“There are families who tell you: thank you because it’s been three years since we left the hospital… This alone tells you why.” Ramon Marsal, president of the Port Aventura Foundation, the soul of Dreams Village, tells it in a broken, emotional voice. The project was born almost five years ago to provide accommodation for families with seriously ill children in the amusement park. The success, resounding and in every sense, has encouraged its supporters to practically double the reception space, going from six to ten houses: from being able to receive 280 families a year to a total of 420.

“I feel like it was the happiest week of my life since I was diagnosed with the disease. I have missed too many things,” says Helena Philomene Dahzogbo, 16, with an overwhelming maturity. She was one of the more than a thousand people, including mothers, fathers, sick children and her siblings, who lived in the Dreams Village. “It was a dream,” says her mother, Jeannette Yehouenou. And she adds: “They tell you come, enjoy and forget that your daughter is sick…. and that’s how it happened.”

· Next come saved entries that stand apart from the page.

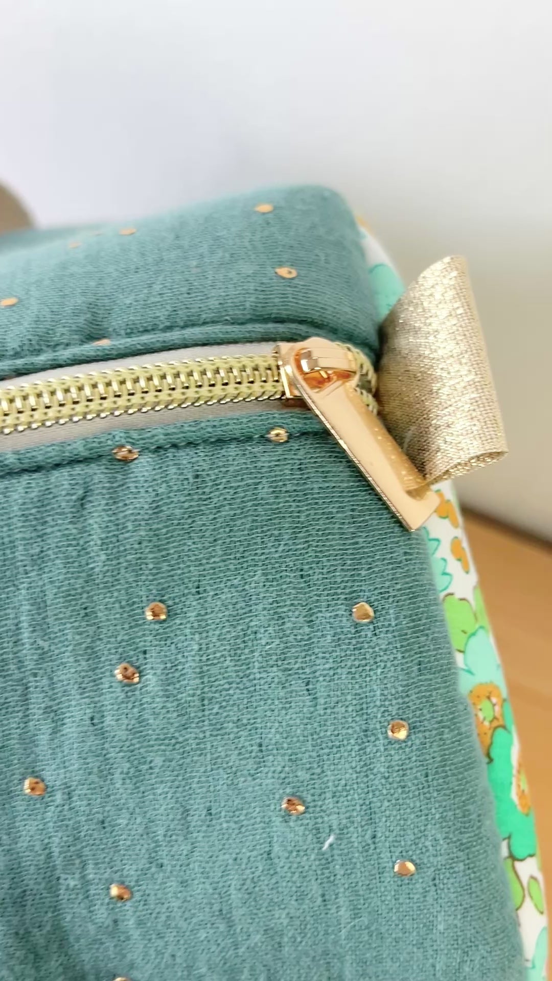 - Fermeture à glissière en nylon doré avec curseur métallique doré pour une touche élégante et durable.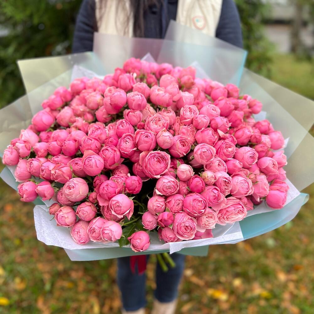 Вип букет из кустовых пион роз. Это прекрасные кустовые розы, которые при раскрытии напоминают пион . По этому их так любят девушки. У нас самая быстрая доставка, по этому если букет вам нужен срочно. Напишите нашим менеджерам и мы отправим букет максимально быстро .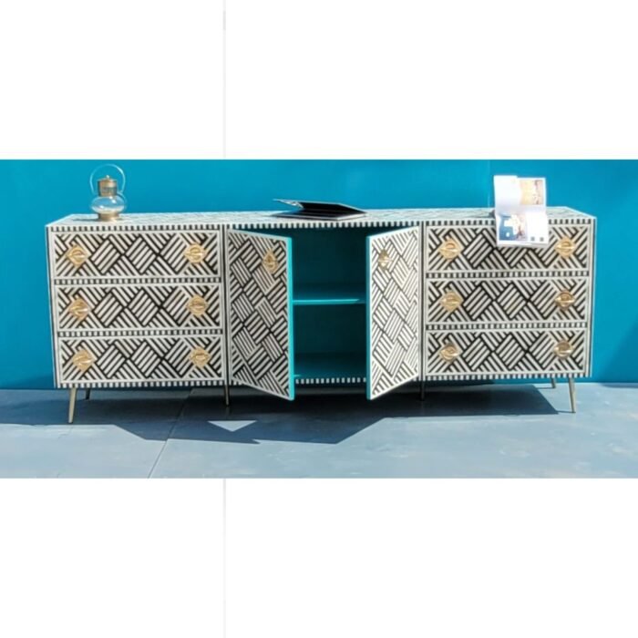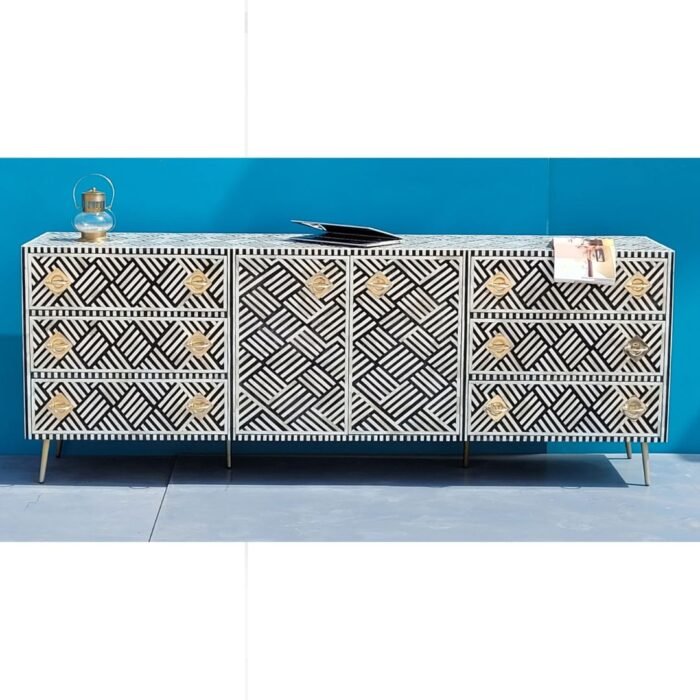 Bone Inlay Abstract Pattern Black Large Sideboard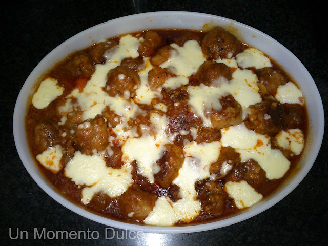 Servimos la pasta en una fuente grande, encima las albóndigas y por encima MUCHO QUESO...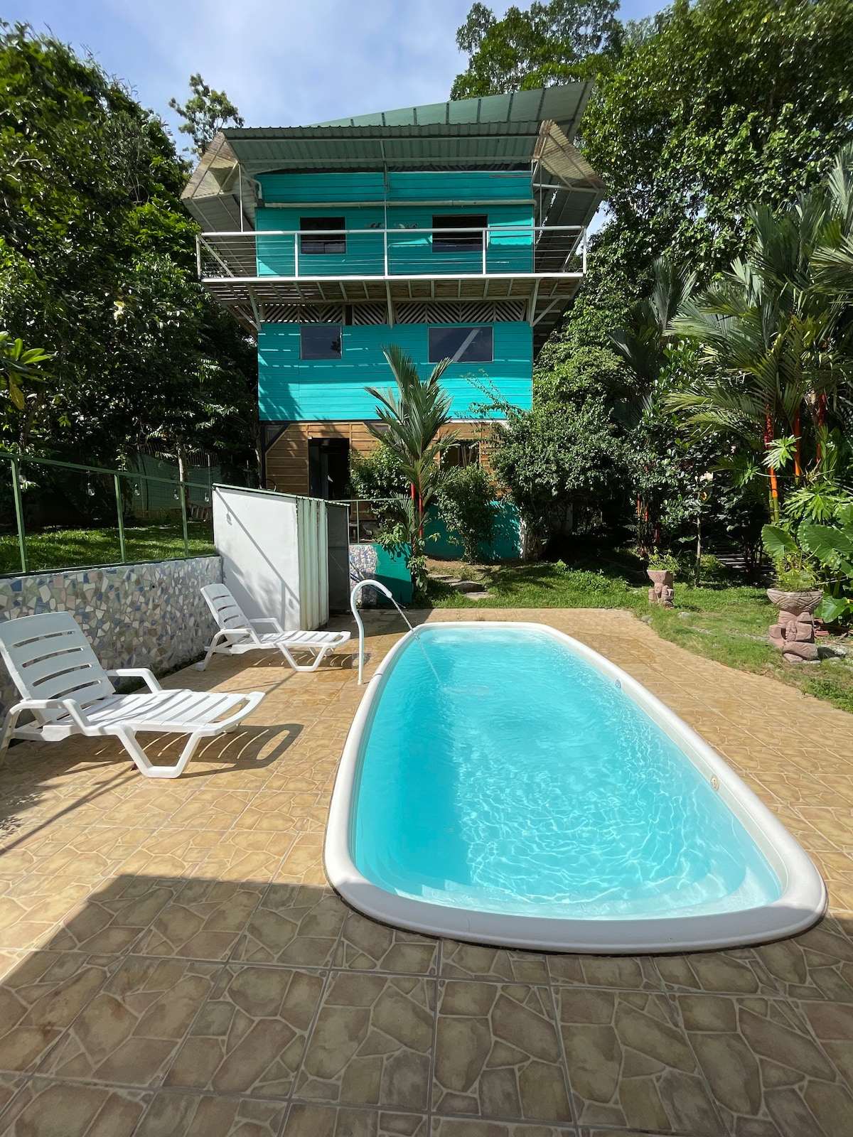 Beautiful beachfront house for up to ten people. Located just 30 m. from a white sandy beach and surrounded by lush nature. Private swimming pool. Coral reefs. Puerto Viejo town, with all its amenities and nightlife, is only a few kilometers away (about 7 minutes by car). A small grocery store and restaurants within walking distance. The garden is full of tropical flora and fauna , monkeys, toucans, and more are seen. The sea is usually calm, clear, and very safe for swimming and snorkeling.

Sleep and eat with a view of Shambala or Dragon Khan to temporarily forget suffering, as part of medical treatment from a psychological point of view.

The fact that the little ones at home are seriously ill necessarily entails a lot of anguish and suffering, say the experts who advise the project. Port Aventura invented space as a place to recharge energy, disconnect from the hospital and doctors.

The selection of sick minors and their families has been done, from the beginning, in 2019, by three reference hospitals in the matter: Vall d’Hebron and Sant Joan de Déu, in Barcelona, ??and the Niño Jesús children’s hospital in Madrid.

Their involvement has gone further because at a medical level the project also wants to be pioneering. Vall d’Hebron began a medical study in 2019, in collaboration with the other centers, to try to gauge the impact of the stays on the emotional health of families and patients.

The results have not yet been made public because the pandemic delayed testing for a total of 80 families. The tests are done just before, a week after and after a month and a half. “We are seeing that mood and anxiety improve; It also improves the ability to cope with daily challenges. It serves to recharge your batteries at a level that cannot even be imagined,” highlights Annabella García Morán, clinical psychologist at Vall d’Hebron.

The medical committees choose those who they think can benefit the most, but space is a problem because many are left out. With the aim of being able to accommodate more families, Port Aventura sought alliances for expansion, with an investment of more than two million.

Dreams is designed as a small village of ten houses with common spaces, such as gardens, a sports court sponsored by the Johan Cruyff foundation or an aquatic area. Families relate and share experiences. “You realize that you are not alone, because many times families feel excluded,” says one of the mothers.